В финале первого акта у меня было одно очень сложное по музыке и ответственное место. В оркестре звучит этакое музыкаль­ное завихрение, а на сцене в это время двигаются гондолы (Венеция ведь!), блещут яркие фейерверки. Хор, балет и все персонажи поют и танцуют. Одним словом, карнавал.

И вот в этой шумной сценической сутолоке я должен был услышать резкий аккорд, за которым при полной тишине следовало мое вступление. Я обращался к моей партнерше Анине:

Какой костюм ты притащила,

Чтоб я в нем на бал пошел?!

Я всегда был собран в этом месте, чтобы не дай бог не пропус­тить вступление. И вот однажды, в ожидании этого злополучного места, я неожиданно услышал за кулисами голос монтировщика декораций: «Гондолу скорей! Тащите гондолу!»

Кричал он громко, я с ужасом подумал: наверное, в зале все слышно!

А монтировщик продолжал орать: «Гондолу! Скорей гондолу!»

С мыслями об этой гондоле меня и застал неожиданно резкий аккорд, и я, не помня себя, механически выпалил:

Какой гондол ты притащила,

Чтоб я в нем на бал пошел?!

Этот «гондол» зал услышал по-своему. Партнерша присела в истерике. Зрителей затрясло от смеха. Занавес пришлось дать раньше времени.

Никогда нельзя отвлекаться на сцене. Никогда.

Поручение вождя

Эту историю мне рассказал мой земляк, замечательный актер Центрального театра Красной армии Константин Захаров, к сожале­нию, рано ушедший из жизни. Начинал он свою актерскую деятельность у нас в городе, в театре «Красный факел».

Приехал я в Новосибирск после окончания ленинградского института и сразу же побежал вечером в родной театр.

Сижу в актерском фойе перед началом спектакля, в котором мой любимый актер Алексей Глазырин будет играть В. И. Ленина. И вдруг глазам своим не верю по коридору прямо ко мне идет он. Сам. Мой кумир. Алексей Васильевич.

Подошел, молча положил руку на плечо и, щурясь из-под очков, сурово пробасил:

Новенький, что ли?

Да,— робко ответил я,— вот закончил институт, направили сюда, к вам, в «Факел»...

Это хорошо, что направили,— он как-то оценивающе посмотрел на меня,— слушай, новенький, ты магазин «под часами» знаешь?

Конечно! — обрадовался я. — Я же новосибирец!

Это хорошо, — снова пробасил он, — так вот, купи мне «под часами» четыре бутылки сухого.
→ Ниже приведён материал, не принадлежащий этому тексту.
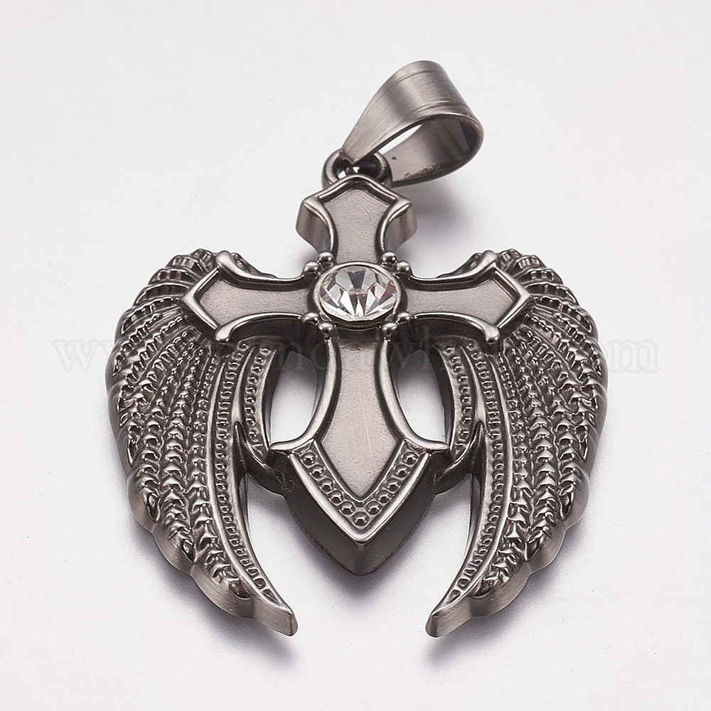 304 подвески из нержавеющей стали, со стразами, крыло с крестом, кристалл
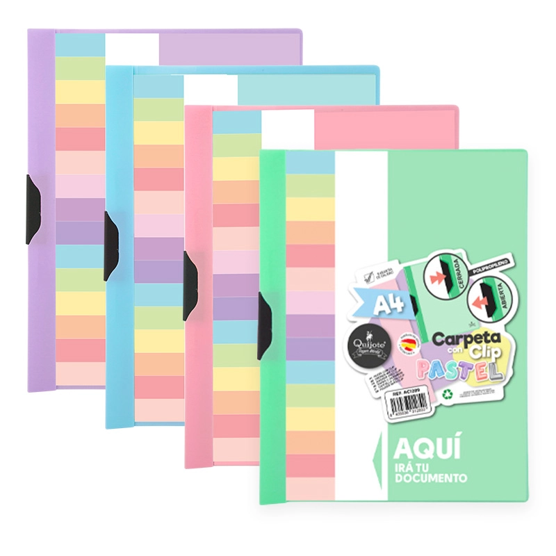 Dossier de color pastel en tamaño A4 con cierre de clip, perfectos para proteger todos tus documentos.
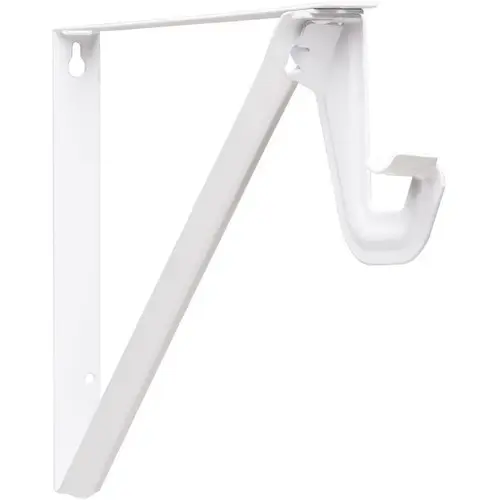 Ideal for shelves 11"- 18" deep and rods up to 1-3/8" diameter, this Shelf & Rod Bracket for home closets holds up to 500 lbs. per pair. The Slide-Thru feature lets hangers glide along the pole without obstruction. White finish.

Там есть. Вот тебе деньги. Принеси, пожалуйста, пока я гримируюсь.

Я рванулся бежать, но он неожиданно остановил меня.

Слушай, новенький, я не хочу ставить тебя под удар. Ты на обратном пути через проходную не ходи, заметят. Видишь это окно? — Он показал мне на зашторенное окно своей гримуборной. — Как принесешь, постучи с улицы, а я через форточку заберу у тебя сумку. Понял?

Конечно! — уже на ходу крикнул я.

Не помня себя от радости, от желания сделать приятное своему кумиру, я бросился выполнять поручение.
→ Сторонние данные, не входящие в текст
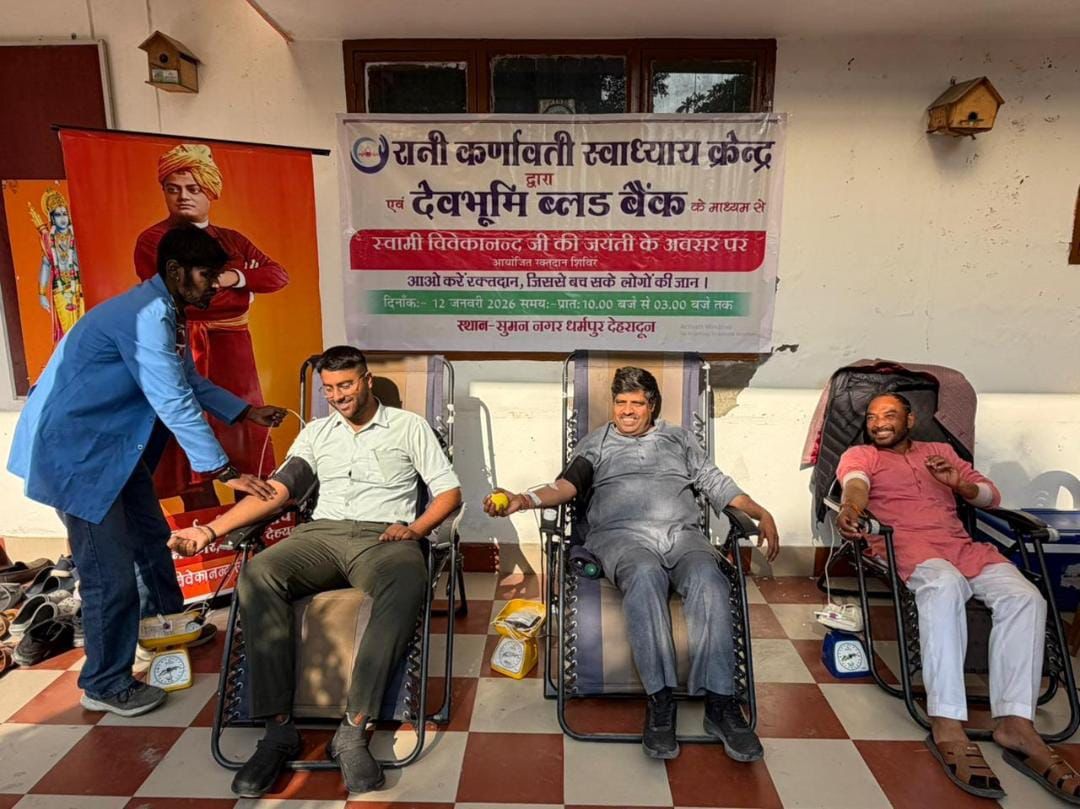 जनकल्याण न्यास द्वारा संचालित स्वाध्याय केंद्र रानी कर्णावती के तत्वावधान में स्वामी विवेकानंद जी की 162वीं जयंती के अवसर पर सामान्य ज्ञान प्रतियोगिता एवं रक्तदान शिविर का आयोजन किया गया। यह कार्यक्रम धर्मपुर संघ कार्यालय महानगर में संपन्न हुआ, जिसमें युवाओं ने बढ़-चढ़कर भागीदारी करते हुए रक्तदान किया।
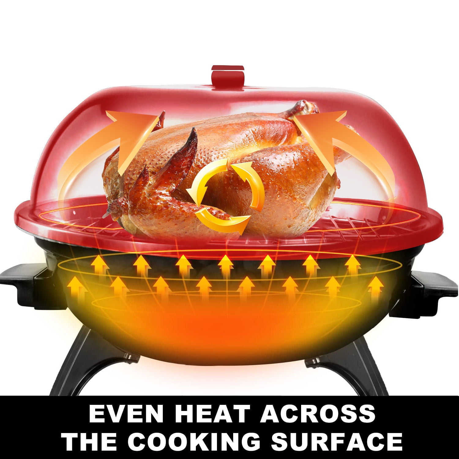 Techwood 11 inch 1600W Electric BBQ Grill with Portable Cooking

Минут через сорок, с чувством исполненного долга, с полной сумкой сухого вина, я постучал с улицы в указанное мне окно.

В гримерной стремительно распахнулась штора, и я замер от чуда, от волшебства. При ярком электрическом свете у окна стоял — Ленин! Живой Ленин! Владимир Ильич! Стоял как на броневике: левая рука была заложена за жилет, а правая — ладонью вперед — тянулась к форточке. Форточка была распахнута, и я услышал знакомый грассирующий голос вождя:

Ну как, принес?

Трудное название

Как-то, стоя в очереди за пивом, я услышал разговор двух прия­телей, которые стояли недалеко от меня. Пиво еще не привезли, жаждущие делились последними новостями. Эти двое были с очень глубокого похмелья. Я чувствовал это, как говорят, «по слуху и духу».

Позавчера посмотрел в «Маяковском» фильм. Ну, я тебе скажу!..

Что?

Клевый. Шик. Обязательно сходи.

Схожу... А как называется?

Да этот... как его... Фу ты, из башки вылетело! Ну, двухсе­рийный... Режиссер еще этот... Кирясара или Курвосава, что ли...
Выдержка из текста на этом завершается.